Extracted data entries:
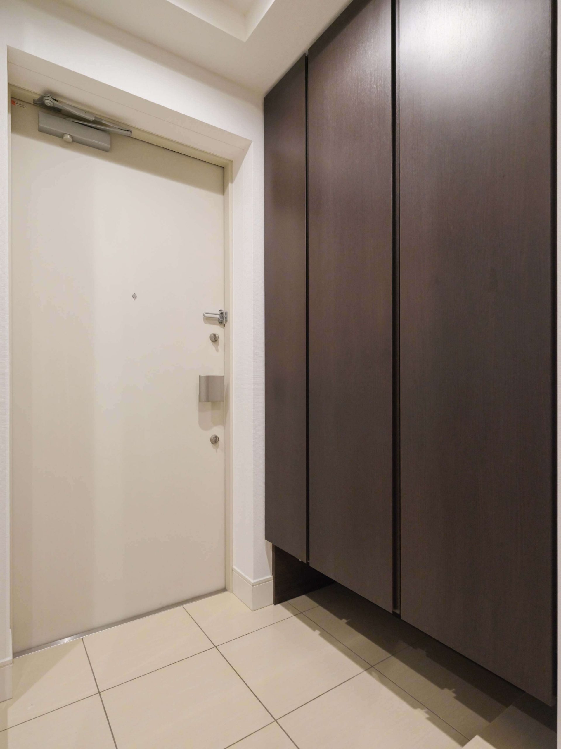 玄関には3枚扉のシューズボックスを完備。天井まで高さがあり、靴がたっぷりと収納できます。
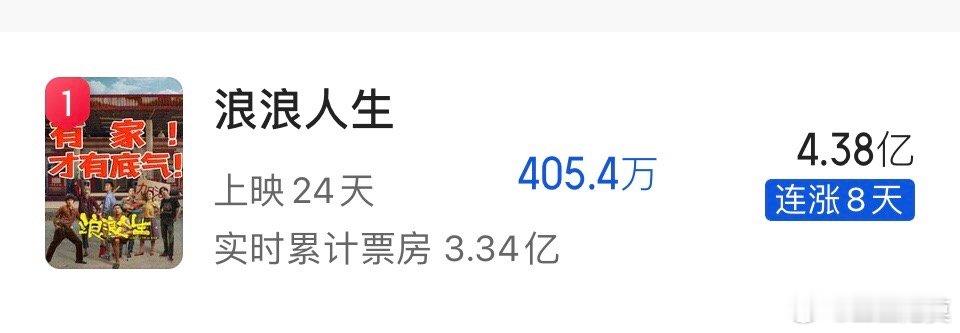 《浪浪人生》连续5天“大满贯”,后劲非常足。预测票房更是连涨8天。
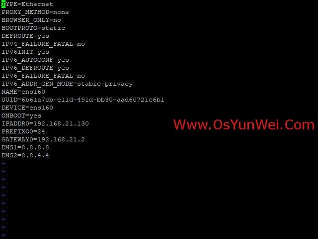 vi ifcfg-ens160 #編輯配置文件,添加修改以下內容
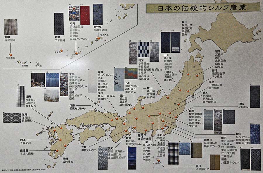 | 日本全国にそれぞれ独特の伝統的絹織物がある。群馬県立「日本絹の里」では、それらを総覧できる。開館15周年を迎えたこの博物館は、養蚕、製糸、機織り、絹織物など日本の絹文化を紹介する貴重な博物館である。 |
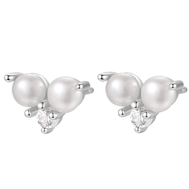 Made from sterling silver with one zirconia stone and two freshwater pearls. Butterfly clasp fastening. Sold as a pair.
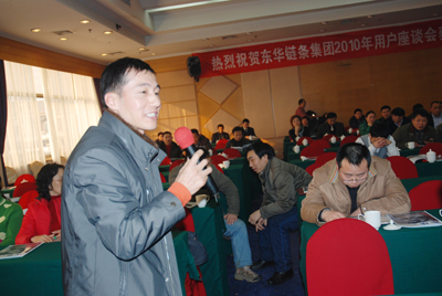 座談會后,東華中高層及銷售人員與廣大經銷商、用戶代表就質量、交貨期、價格、運輸等方面存在的問題進行了分組交流,廣泛聽取了大家的意見和建議。期間,廣大經銷商、用戶代表對位于余杭經濟開發(fā)區(qū)東華的新區(qū)和南、北廠區(qū)中新建的國內一流鏈條生產基地及先進的工藝、工裝水平給予了高度評價。
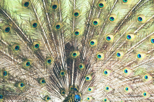 © ARAMYAN, Fototapeta premium A beautiful male peacock with expanded feathers
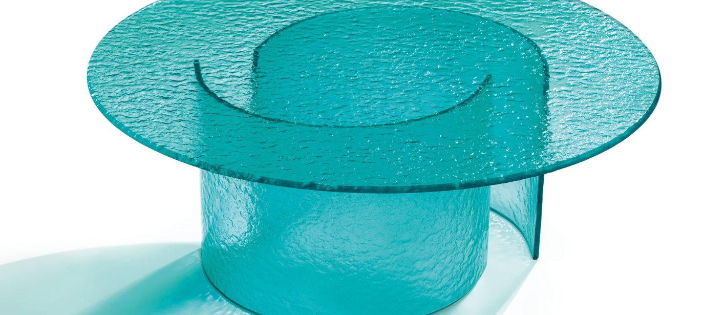 Tavolini con base e top in vetro Acqua nelle colorazioni fumè, trasparente, ambra, blu, smeraldo.
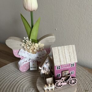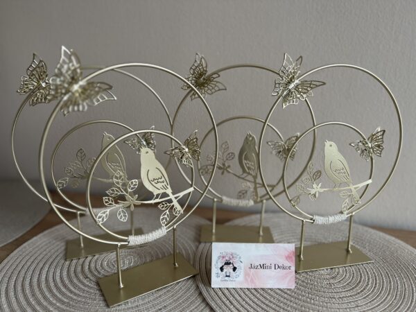 24 cm magas, 19,5 cm átmérőjű, fém nagyon bájos asztali dekoráció madárkával,állítható pillangókkal.
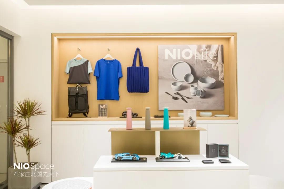 嵌入式的收納家具,使整個空間輕盈不負(fù)擔(dān);小小的一段拉簾,將展廳和會議室(平時(shí)可做辦公室)分開,加上灰色地毯、灰色硬包、灰色拉簾等搭配,溫馨的空間布局、時(shí)尚的NIO Life陳列,讓這個空間有了愉悅的體驗(yàn),將整個空間構(gòu)建成一個家的感覺。
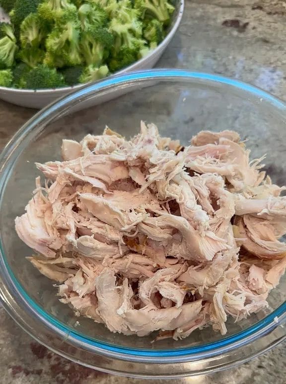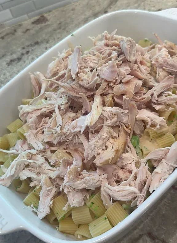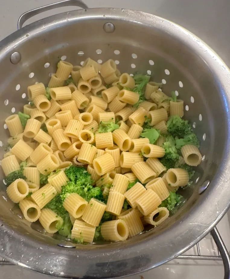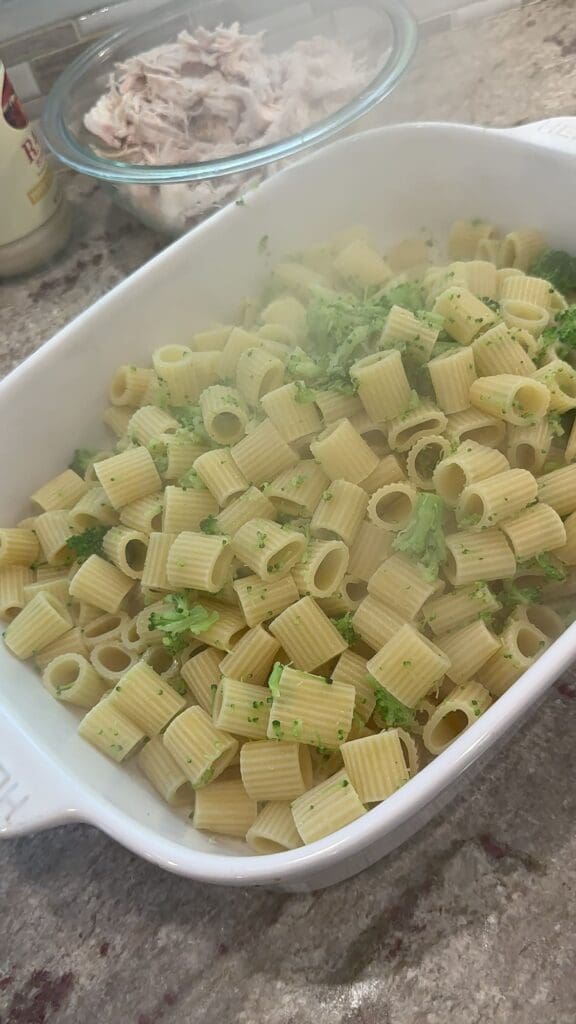 - Now, in a colander, drain the water from the broccoli and pasta and add them to a 9” x 13” baking dish.
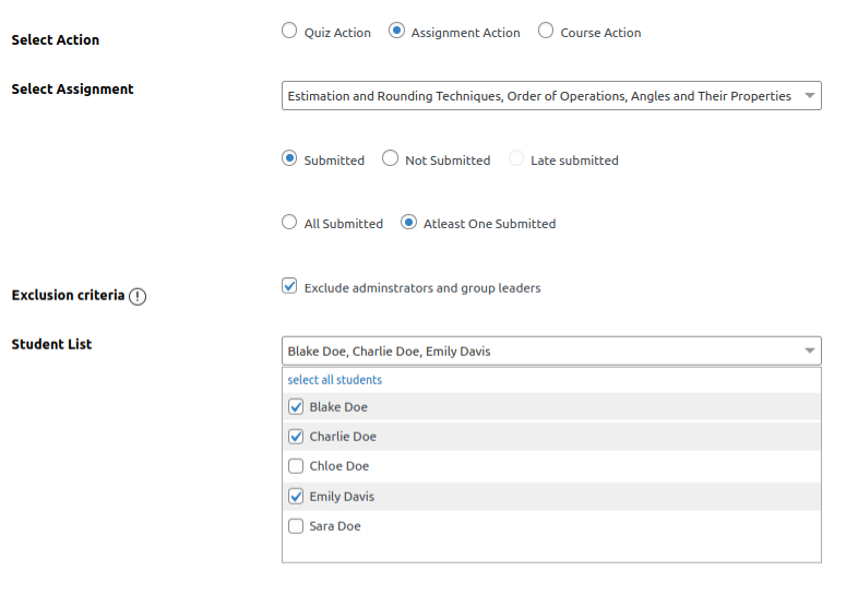 Assignment Action Filters: Keep students on track with reminders and praises for assignment submissions.
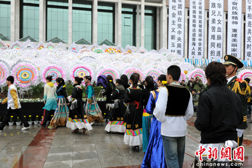10時(shí)15分開(kāi)始,現(xiàn)場(chǎng)民眾排隊(duì)向地震遇難者敬獻(xiàn)鮮花,哀樂(lè)響起,來(lái)自西寧虎臺(tái)中學(xué)的孩子們久久不愿離去。學(xué)生們一遍又一遍地唱響國(guó)歌,一次又一次地喊起“青海加油!玉樹(shù)加油!”
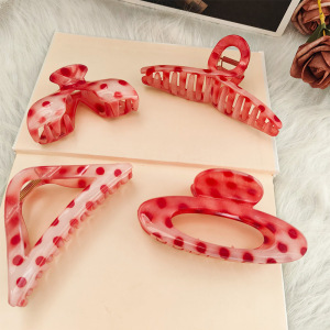 粉色系甜美波点抓夹半圆交叉三角精致高级感夏天盘发鲨鱼夹发饰女
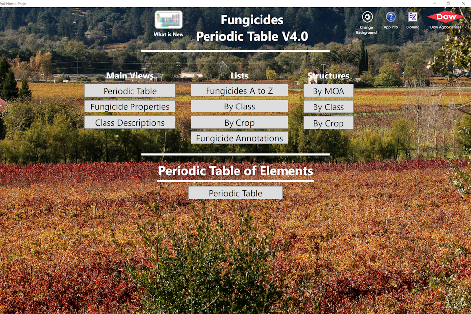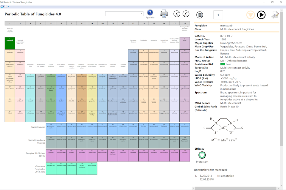 | Periodic Table of Fungicides 4.0 (Desktop) Version 4.0 is a major update to the previous electronic version (3.2), which was released in 2012. Version 4.0 includes updates to the data for all entries. Newly named fungicides and their structures have been added. Various types of information were add including CAS registry numbers, years of first registration or launch, vapor pressure and basic efficacy spectrum. Search capability has been improved by adding a Structure by Mode of Action search feature. In addition to displaying the major crop uses for each fungicide, a comprehensive crop list has been added through which the main fungicides used for each crop can be found. Along with updates to data, the user interface has been updated that facilitates better coordination between each of the application views.
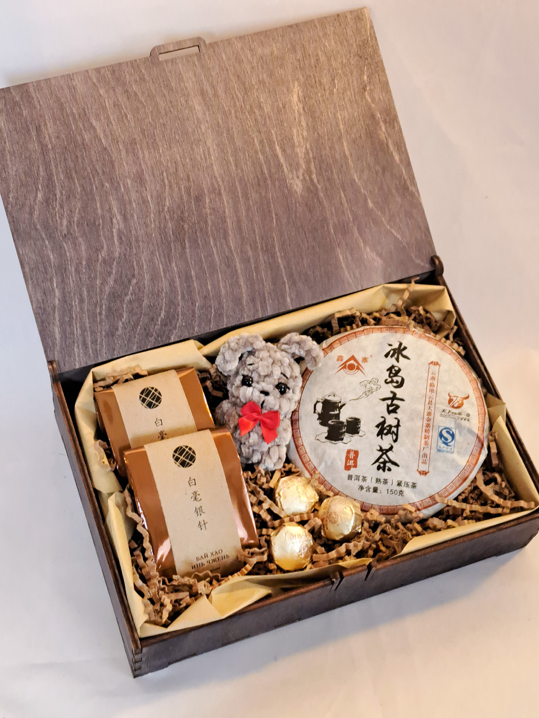 Подарочный набор чая Пуэр с игрушкой ручной работы

*Task goal*: The records above, minus their pictures, are to be returned word for word.

*Completed task*:
 玄関には3枚扉のシューズボックスを完備。天井まで高さがあり、靴がたっぷりと収納できます。
 《浪浪人生》连续5天“大满贯”,后劲非常足。预测票房更是连涨8天。
 vi ifcfg-ens160 #編輯配置文件,添加修改以下內容
 | 日本全国にそれぞれ独特の伝統的絹織物がある。群馬県立「日本絹の里」では、それらを総覧できる。開館15周年を迎えたこの博物館は、養蚕、製糸、機織り、絹織物など日本の絹文化を紹介する貴重な博物館である。 |
 Made from sterling silver with one zirconia stone and two freshwater pearls. Butterfly clasp fastening. Sold as a pair.
 座談會后,東華中高層及銷售人員與廣大經銷商、用戶代表就質量、交貨期、價格、運輸等方面存在的問題進行了分組交流,廣泛聽取了大家的意見和建議。期間,廣大經銷商、用戶代表對位于余杭經濟開發(fā)區(qū)東華的新區(qū)和南、北廠區(qū)中新建的國內一流鏈條生產基地及先進的工藝、工裝水平給予了高度評價。
 © ARAMYAN, Fototapeta premium A beautiful male peacock with expanded feathers
 Tavolini con base e top in vetro Acqua nelle colorazioni fumè, trasparente, ambra, blu, smeraldo.
 24 cm magas, 19,5 cm átmérőjű, fém nagyon bájos asztali dekoráció madárkával,állítható pillangókkal.
 嵌入式的收納家具,使整個空間輕盈不負(fù)擔(dān);小小的一段拉簾,將展廳和會議室(平時(shí)可做辦公室)分開,加上灰色地毯、灰色硬包、灰色拉簾等搭配,溫馨的空間布局、時(shí)尚的NIO Life陳列,讓這個空間有了愉悅的體驗(yàn),將整個空間構(gòu)建成一個家的感覺。
 - Now, in a colander, drain the water from the broccoli and pasta and add them to a 9” x 13” baking dish.
 Assignment Action Filters: Keep students on track with reminders and praises for assignment submissions.
10時(shí)15分開(kāi)始,現(xiàn)場(chǎng)民眾排隊(duì)向地震遇難者敬獻(xiàn)鮮花,哀樂(lè)響起,來(lái)自西寧虎臺(tái)中學(xué)的孩子們久久不愿離去。學(xué)生們一遍又一遍地唱響國(guó)歌,一次又一次地喊起“青海加油!玉樹(shù)加油!”
 粉色系甜美波点抓夹半圆交叉三角精致高级感夏天盘发鲨鱼夹发饰女
 | Periodic Table of Fungicides 4.0 (Desktop) Version 4.0 is a major update to the previous electronic version (3.2), which was released in 2012. Version 4.0 includes updates to the data for all entries. Newly named fungicides and their structures have been added. Various types of information were add including CAS registry numbers, years of first registration or launch, vapor pressure and basic efficacy spectrum. Search capability has been improved by adding a Structure by Mode of Action search feature. In addition to displaying the major crop uses for each fungicide, a comprehensive crop list has been added through which the main fungicides used for each crop can be found. Along with updates to data, the user interface has been updated that facilitates better coordination between each of the application views.
 Подарочный набор чая Пуэр с игрушкой ручной работы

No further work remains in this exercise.